> _Assignment_: Would you print the data below exactly, leaving out every picture?

> _Input data_:
►
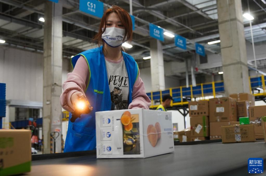 4月21日,员工在位于南京空港经济开发区(江宁)一家企业的商超仓内忙碌。
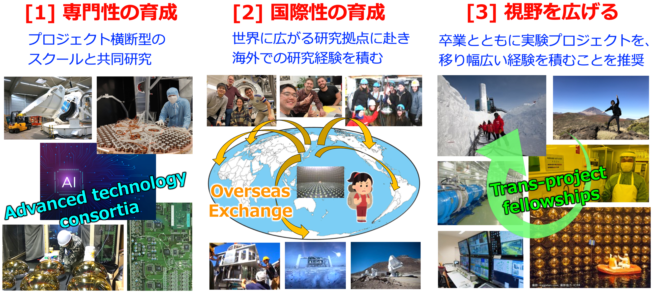 世界の最先端を走る日本のニュートリノ研究の専門性と国際共同研究における海外経験で得られる国際性の融合により、次世代の国際プロジェクトを率いるリーダーを育成する。
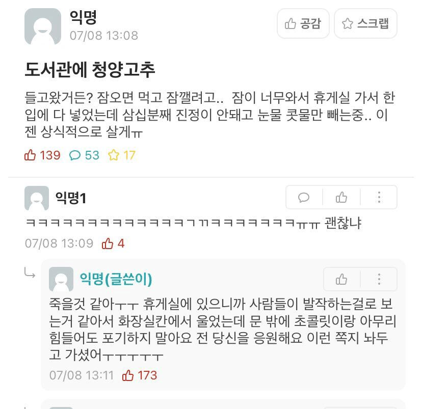비회원 이슈 0 21 10.02 17:00 잠깨려고 청양고추 먹었는데 효과가 너무 좋았다 출처 : https://m.bboom.naver.com/best/get?boardNo=9&postNo=4278934 이 글을 SNS로 공유하기
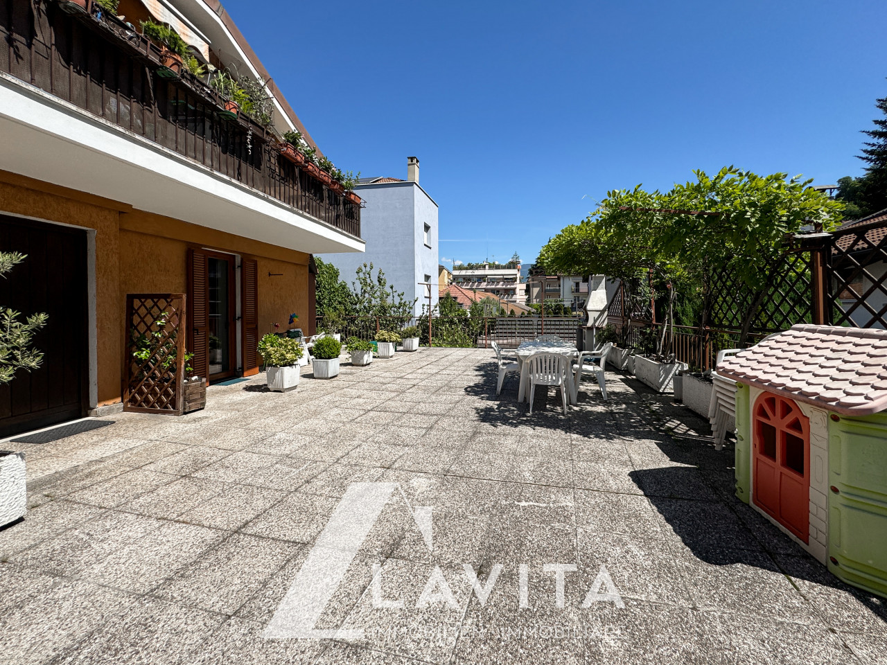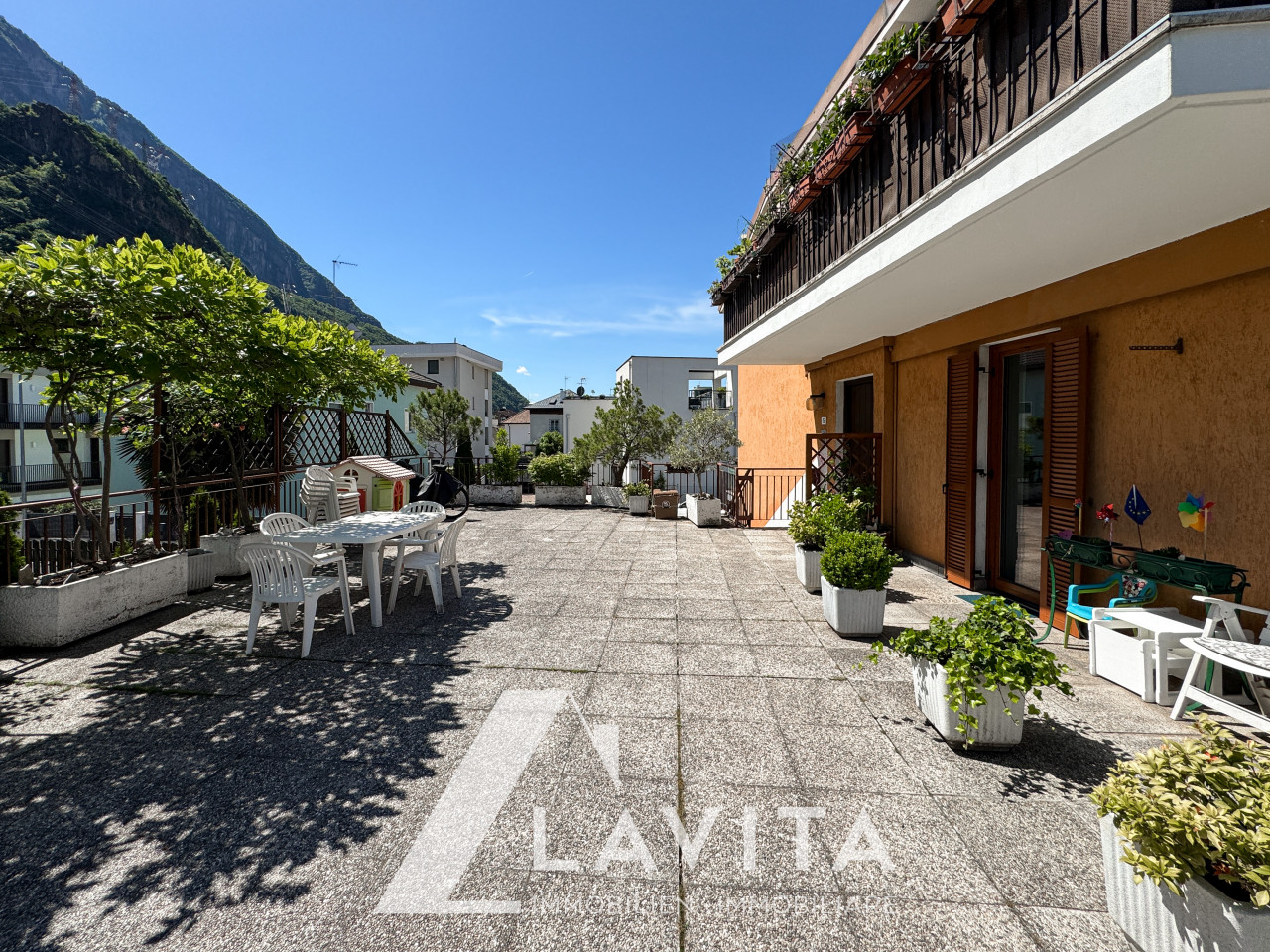 Inoltre dispone di un’ampia terrazza comune, condivisa solo con gli altri 3 appartamenti, ideale per godersi al meglio lo spazio esterno.
◄
> _Response to the task_:
 4月21日,员工在位于南京空港经济开发区(江宁)一家企业的商超仓内忙碌。
 世界の最先端を走る日本のニュートリノ研究の専門性と国際共同研究における海外経験で得られる国際性の融合により、次世代の国際プロジェクトを率いるリーダーを育成する。
비회원 이슈 0 21 10.02 17:00 잠깨려고 청양고추 먹었는데 효과가 너무 좋았다 출처 : https://m.bboom.naver.com/best/get?boardNo=9&postNo=4278934 이 글을 SNS로 공유하기
 Inoltre dispone di un’ampia terrazza comune, condivisa solo con gli altri 3 appartamenti, ideale per godersi al meglio lo spazio esterno.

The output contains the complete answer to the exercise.